I get out a couple times a year with my shotgun to break some clays. Very satisfying.
95% of my shooting is with shotguns. Sporting clays 3-4 time a month for nine months and then three months of killing feathered creatures.
I learned to shoot skeet/trap about 50 years ago in Spain. The Rod/Gun Club was cheap to shoot. Most of the skilled shooters were more than willing to help a novice. 2-3 times a week for a couple years. Changed the habits I’d learned as a kid and improved my duck shooting a lot. Now those are memories.

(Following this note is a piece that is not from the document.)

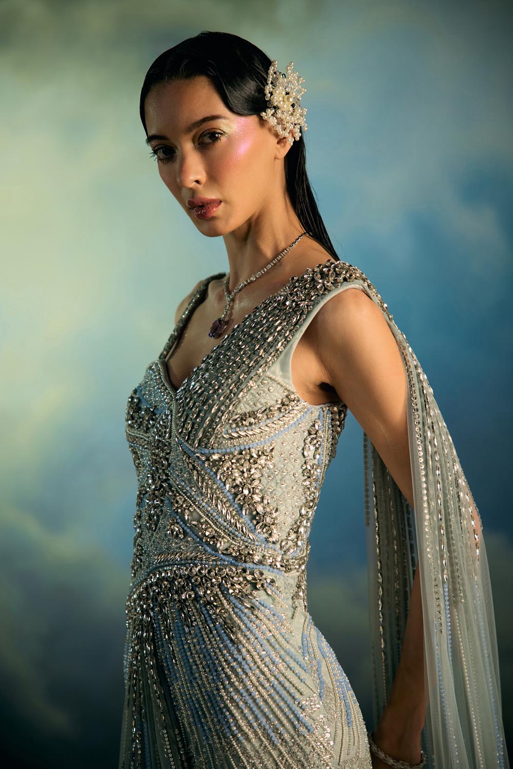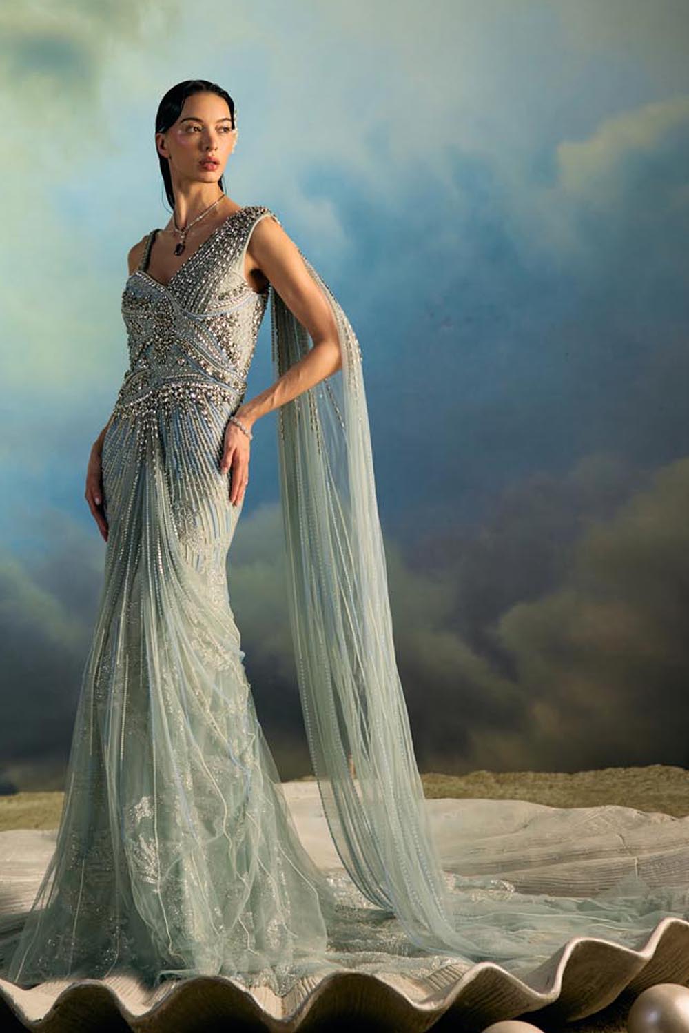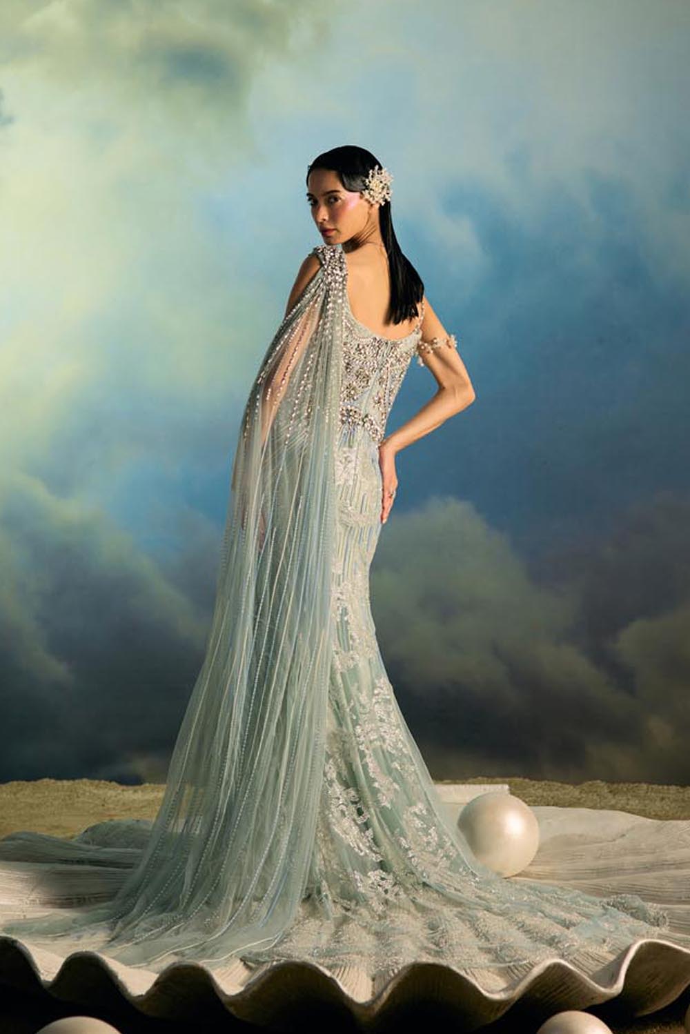 Pastel Blue Seafoam is Maison H’s vision of serenity under the tides, a saree-gown where heritage meets couture fluidity. The mermaid base glistens with pearl and crystal embroidery, while the pastel drape trails from the shoulder like a silken wave. Tassel fringes shimmer as they fall, echoing waterfalls in motion. Ethereal yet bold, this silhouette is crafted for the muse who carries the calm of the sea and the confidence of its depths.

I have the Savage .17 with the thumbhole stock and a similar power scope. It is a fun little plinker. After breaking whole clay pigeons, I can then shoot the pieces as mini-targets.
I am so sorry I missed this thread.
My stand-by hunting rifles: Win 94 in 30-30 (cant beat it for balance, ease of carry and offhand quick shots), Win 94 in .375 winchester (250 gr cast flat noses with gas checks at 1800 fps), Ruger No.1 in 7mm Rem Mag.
I have a large number of rifle chamberings but those are the most practical of the bunch. For fun 22 Hornet, 218 Bee, .223 Rem, .243 Win, .270, 308, 338 Win Mag, 375 H&H, .444 marlin, 450 Marlin, 458 Win Mag.
Oh, 8×57, 303 Brit and 7.65×39 also. I probably forgot at least one.